# GOAL OF THE EXERCISE
Restate exactly the lines that run from the start of the records below to the line containing "sequin embellished blazer German", counting both ends, and nothing else; pictures stay out.

# EXERCISE INPUT
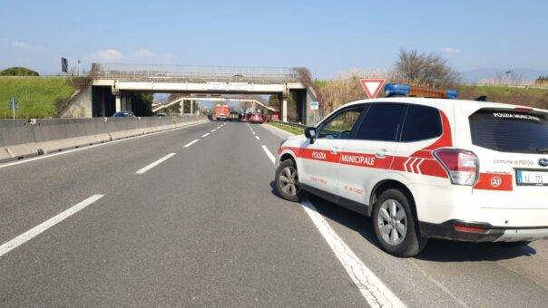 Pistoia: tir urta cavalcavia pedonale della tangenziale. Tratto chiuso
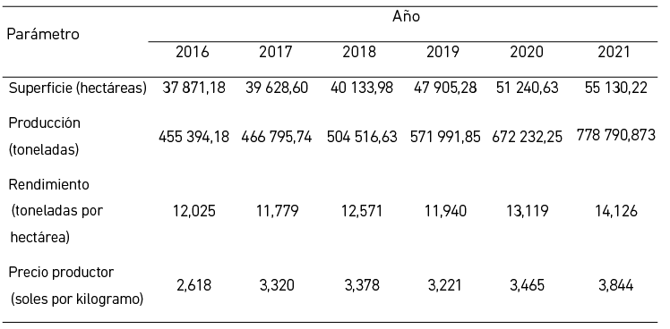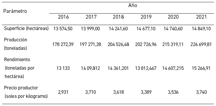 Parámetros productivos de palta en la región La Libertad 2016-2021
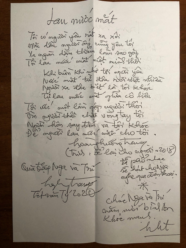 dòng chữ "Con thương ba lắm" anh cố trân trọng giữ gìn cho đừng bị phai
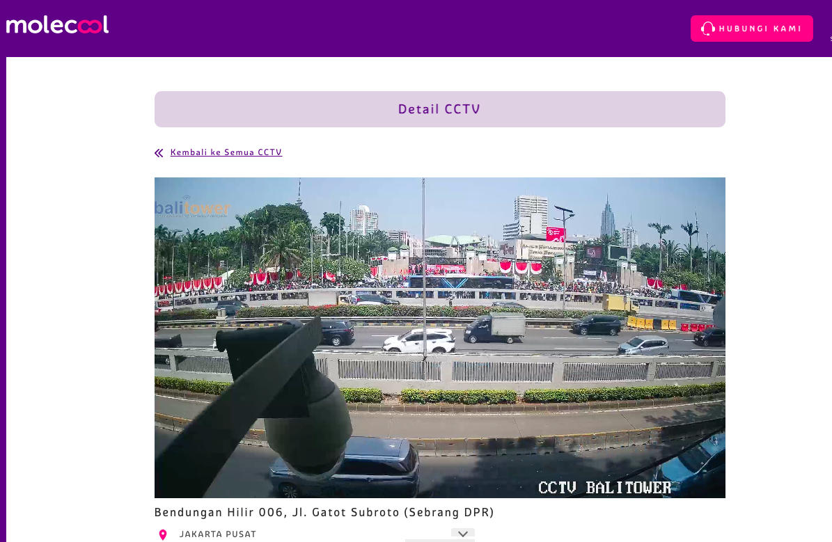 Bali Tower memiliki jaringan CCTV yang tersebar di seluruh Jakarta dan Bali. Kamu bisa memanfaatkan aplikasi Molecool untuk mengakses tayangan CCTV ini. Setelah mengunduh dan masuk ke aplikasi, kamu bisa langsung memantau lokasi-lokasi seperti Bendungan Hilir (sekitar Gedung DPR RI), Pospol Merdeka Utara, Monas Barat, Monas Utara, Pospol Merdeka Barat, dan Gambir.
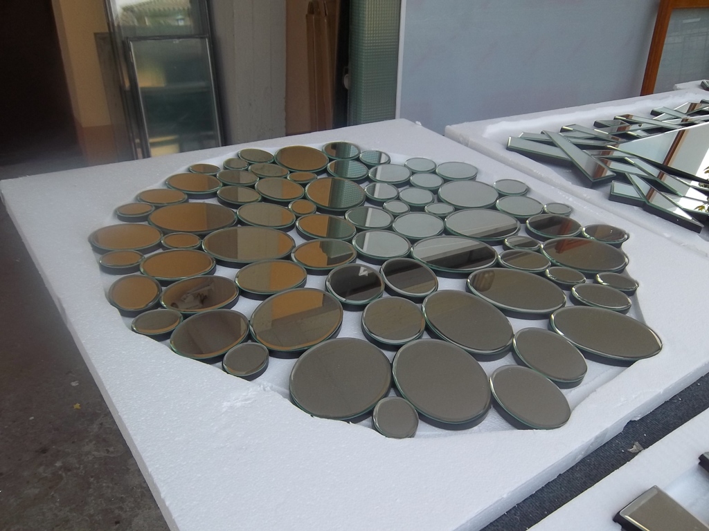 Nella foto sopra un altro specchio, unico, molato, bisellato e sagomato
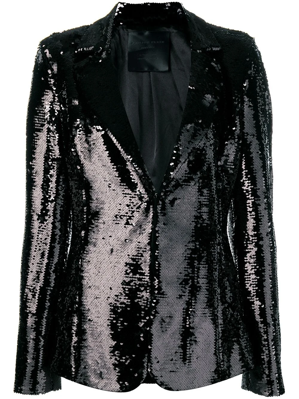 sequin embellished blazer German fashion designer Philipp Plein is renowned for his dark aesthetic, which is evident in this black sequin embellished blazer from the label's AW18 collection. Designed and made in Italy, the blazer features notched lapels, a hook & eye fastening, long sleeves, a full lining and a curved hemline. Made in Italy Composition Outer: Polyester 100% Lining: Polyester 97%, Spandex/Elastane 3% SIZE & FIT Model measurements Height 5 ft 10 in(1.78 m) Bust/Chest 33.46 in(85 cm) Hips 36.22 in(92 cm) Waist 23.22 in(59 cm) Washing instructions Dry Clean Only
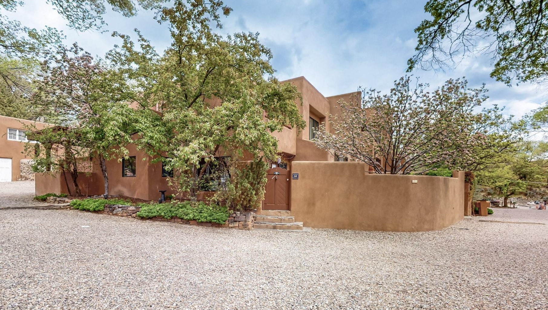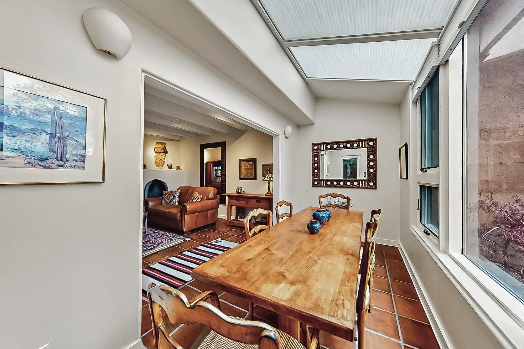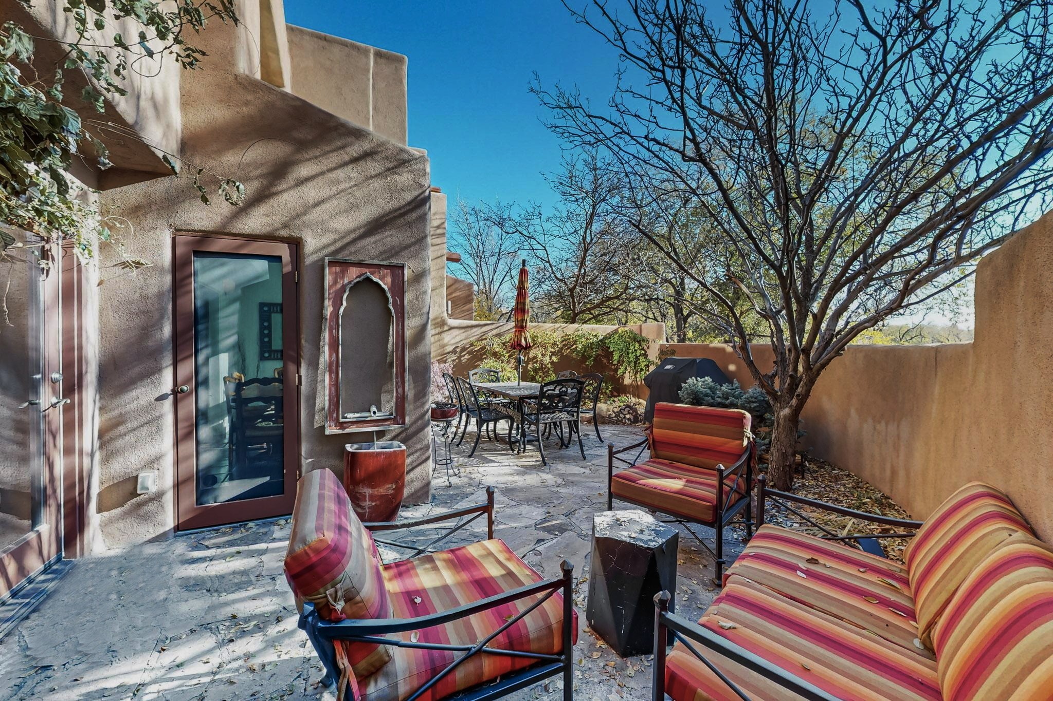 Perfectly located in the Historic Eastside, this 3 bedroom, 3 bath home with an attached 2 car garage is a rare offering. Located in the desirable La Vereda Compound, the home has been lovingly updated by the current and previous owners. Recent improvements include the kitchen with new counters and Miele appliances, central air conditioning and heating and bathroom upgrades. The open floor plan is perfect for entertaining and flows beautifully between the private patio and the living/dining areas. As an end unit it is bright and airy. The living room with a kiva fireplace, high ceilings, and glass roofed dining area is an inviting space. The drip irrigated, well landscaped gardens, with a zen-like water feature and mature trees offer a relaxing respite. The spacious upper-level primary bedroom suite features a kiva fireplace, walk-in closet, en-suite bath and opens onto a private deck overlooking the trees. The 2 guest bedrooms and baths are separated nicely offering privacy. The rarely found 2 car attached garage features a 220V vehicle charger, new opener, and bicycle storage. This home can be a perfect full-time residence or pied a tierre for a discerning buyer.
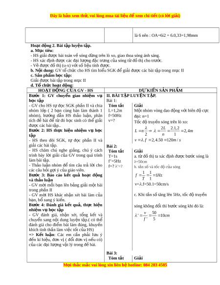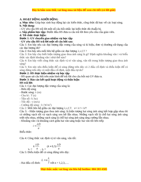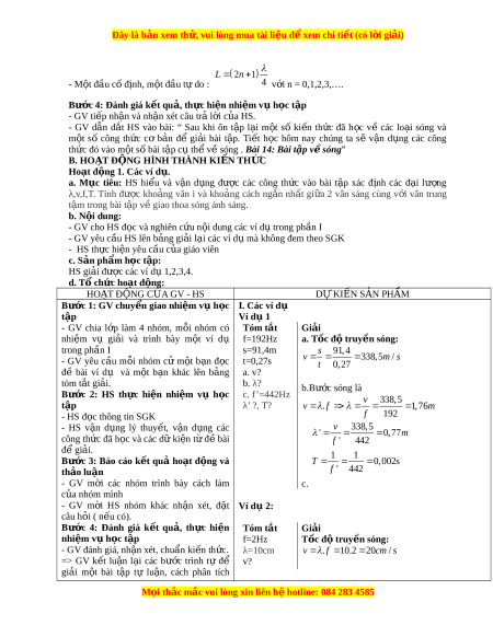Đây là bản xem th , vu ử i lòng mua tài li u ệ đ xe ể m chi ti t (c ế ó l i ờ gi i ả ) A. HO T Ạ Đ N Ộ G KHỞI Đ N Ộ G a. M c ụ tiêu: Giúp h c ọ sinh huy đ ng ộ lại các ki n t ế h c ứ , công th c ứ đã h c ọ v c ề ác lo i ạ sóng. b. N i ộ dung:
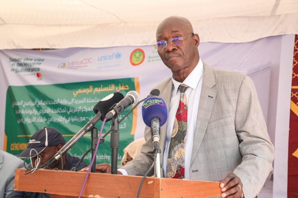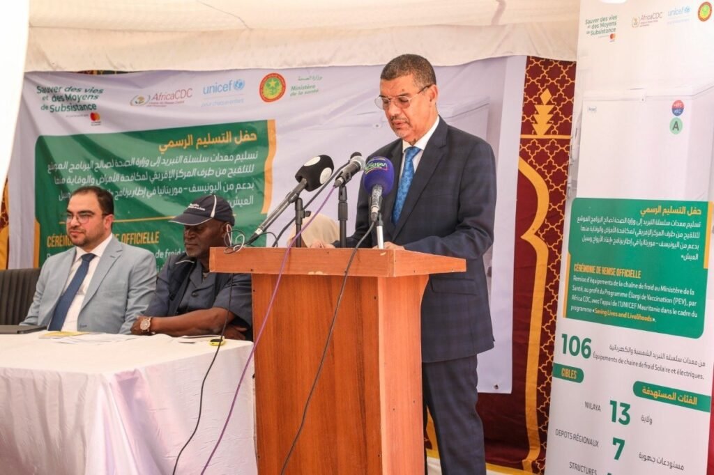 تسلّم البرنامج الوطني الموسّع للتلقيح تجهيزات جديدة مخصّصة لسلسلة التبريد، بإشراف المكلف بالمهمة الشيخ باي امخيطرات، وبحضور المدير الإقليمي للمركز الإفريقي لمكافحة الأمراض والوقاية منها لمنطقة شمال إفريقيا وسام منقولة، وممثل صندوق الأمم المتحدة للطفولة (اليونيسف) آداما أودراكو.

# EXERCISE RESULT
 Pistoia: tir urta cavalcavia pedonale della tangenziale. Tratto chiuso
 Parámetros productivos de palta en la región La Libertad 2016-2021
 dòng chữ "Con thương ba lắm" anh cố trân trọng giữ gìn cho đừng bị phai
 Bali Tower memiliki jaringan CCTV yang tersebar di seluruh Jakarta dan Bali. Kamu bisa memanfaatkan aplikasi Molecool untuk mengakses tayangan CCTV ini. Setelah mengunduh dan masuk ke aplikasi, kamu bisa langsung memantau lokasi-lokasi seperti Bendungan Hilir (sekitar Gedung DPR RI), Pospol Merdeka Utara, Monas Barat, Monas Utara, Pospol Merdeka Barat, dan Gambir.
 Nella foto sopra un altro specchio, unico, molato, bisellato e sagomato
 sequin embellished blazer German fashion designer Philipp Plein is renowned for his dark aesthetic, which is evident in this black sequin embellished blazer from the label's AW18 collection. Designed and made in Italy, the blazer features notched lapels, a hook & eye fastening, long sleeves, a full lining and a curved hemline. Made in Italy Composition Outer: Polyester 100% Lining: Polyester 97%, Spandex/Elastane 3% SIZE & FIT Model measurements Height 5 ft 10 in(1.78 m) Bust/Chest 33.46 in(85 cm) Hips 36.22 in(92 cm) Waist 23.22 in(59 cm) Washing instructions Dry Clean Only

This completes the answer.